Nicolas Winding Refn was not allowed to meet Charles Bronson in person since he is not from Britain, but was allowed to have two phone calls with him. Tom Hardy met with Bronson several times and the two became good friends. Bronson was impressed with how Hardy managed to get just as muscular as he was and how well he could mimic his own personality and voice. Bronson has stated he believes Hardy was the only person who could play him.
Charles Bronson was not allowed to see the film, but said that if his mother liked it, that would be enough for him. According to Refn, his mother loved it. In 2011 Bronson was finally allowed to see the film and called it "theatrical, creative and brilliant".
The British Prison Officers' Association complained when the film's London premiere was prefaced with a recording by Charles Bronson himself, recorded at HMP Wakefield, where he stated: "I'm proud of this film, because if I drop dead tonight, then I live on. I make no bones about it, I really was... a horrible, violent, nasty man. I'm not proud of it, but I'm not ashamed of it either... See you at the Oscars." It is illegal in the UK to make unauthorized recordings of prison inmates. This recording appears on some DVD-editions.

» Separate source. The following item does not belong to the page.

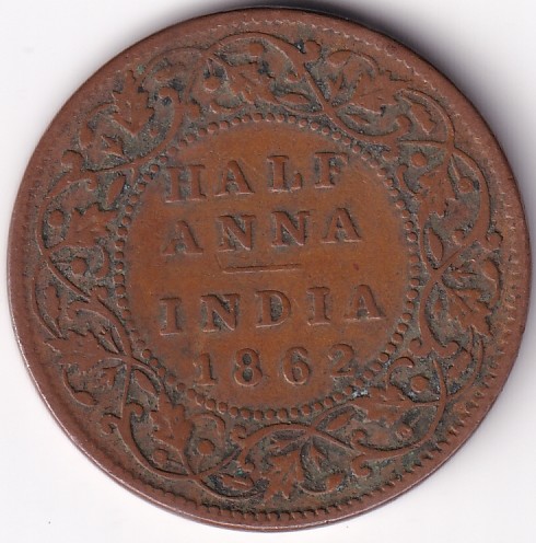 This is a British India copper Half Anna coin from 1862, issued during the reign of Queen Victoria. The obverse side displays the left-facing portrait of Victoria with the inscription “VICTORIA QUEEN” around the rim. The reverse features the coin denomination “HALF ANNA” above “INDIA” and the year “1862,” all surrounded by a decorative wreath made of flowers and leaves. This coin holds significant numismatic interest due to its historical context and association with early colonial coinage in India.
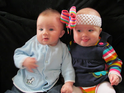 Milestones: Both babies are grabbing at things, and are doing much better at strengthening their necks with Tummy Time and sitting up in their Bumbo Seats. Brayden is wearing some 3-6 month clothes, and Julie is in all 3-6 month clothes. Brayden has begun rolling over – both from Back to Front and Front to Back. Way to go little boy!!! Brayden also likes to giggle when we blow raspberries on his tummy. Julie loves to play Patty Cake and squeals with happiness. We joke that the babies sound like “pterodactyls” because of the loud noises they tend to make from time to time. Julie is an extremely happy baby when she wakes up and very rarely cries. Their eyes are still both blue, so fingers crossed they’ll be staying that way!

Bronson is occasionally seen wearing a small pair of shades. These are not an accessory. According to the real-life Bronson, his years in poorly-lit solitary units so damaged his eyesight that he required darkened lenses just to read.
When the real life Charles Bronson was moved to Parkhurst Prison in 1976, he befriended the notorious Kray Twins. Coincidentally enough, Tom Hardy would later portray both of the Kray twins in the film Legend (2015).